Encrypted Key-value Database Using Homomorphic Encryption

March 16, 2023
  -  
Umut Sahin

During the first season of the Zama Bounty Program, we asked you to create an encrypted key-value database using FHE. A proper solution was required to ensure that both keys and values were encrypted while further adhering to a number of conditions, provided in the bounty’s description.

Github user Alpaylan successfully completed this bounty, which is outlined in detail below.

A key-value database is designed for the storage and retrieval of data via a unique key. While both more flexible and more efficient than standard relational databases, key-value databases are still prone to data theft. The solution? An encrypted key-value database that can store and retrieve data without ever decrypting it.
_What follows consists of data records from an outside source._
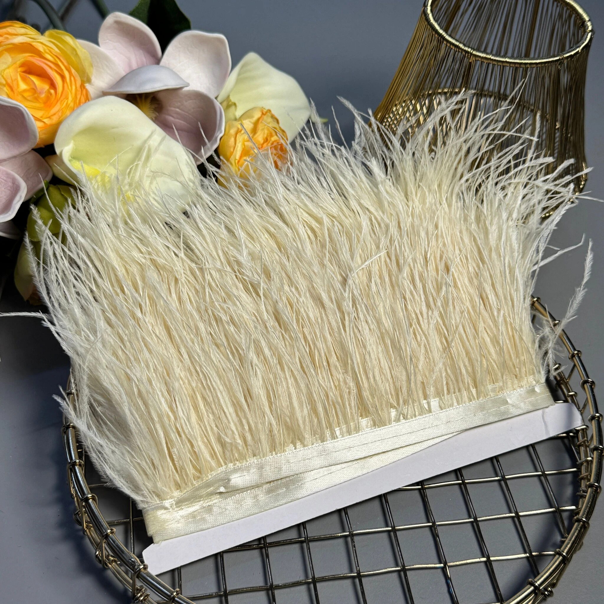 Пір'я на тасьмі 7-10 см (10 метрів), світлий молочний
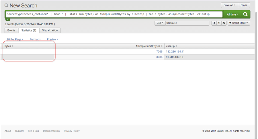 Hmmm. What happened to my bytes field? Also explained in the documentation is the anatomy of a search. With each Splunk command or term, an intermediate table is produced without the user having to issue any command to allocate the tables. If we wish to add any of the original fields (like bytes) or perform additional calculations on original fields, they would have to be placed before the stats command. See what happens in the screen shot above when we try to add the bytes field to the end of the search command string. This will make the use case for eventstats.
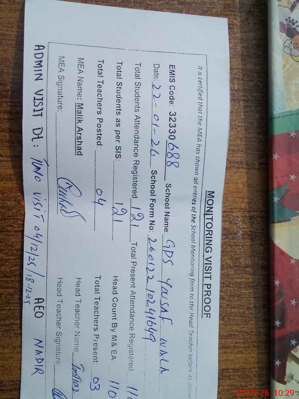 | EMIS Code: 32330688 | Name of School: GPS YOUSAF WALA | |||

When both keys and values are encrypted, storing data in a cloud-based setup or even in a large, open internal environment does not create a security concern. 

The following tutorial of an Encrypted Key Value Database explains three operations: `insert`, `replace`, and `query`. All the operations are implemented as fully-homomorphic encrypted circuits.

In `examples/key-value-database/`, you can find the following files. Use them as a reference or to build your own database:

  • `static-size.py`: This file contains a static size database implementation, meaning that the number of entries is given as a parameter at the beginning.
  • `dynamic-size.py`: This file contains a dynamic size database implementation, meaning that the database starts as a zero entry database, and is grown as needed.

First will come an examination of the statically-sized database implementation. The dynamic database implementation is very similar, so you are encouraged to review the code to identify the differences.

Below are the import statements.

`concrete.numpy`: Used for implementing homomorphic circuits.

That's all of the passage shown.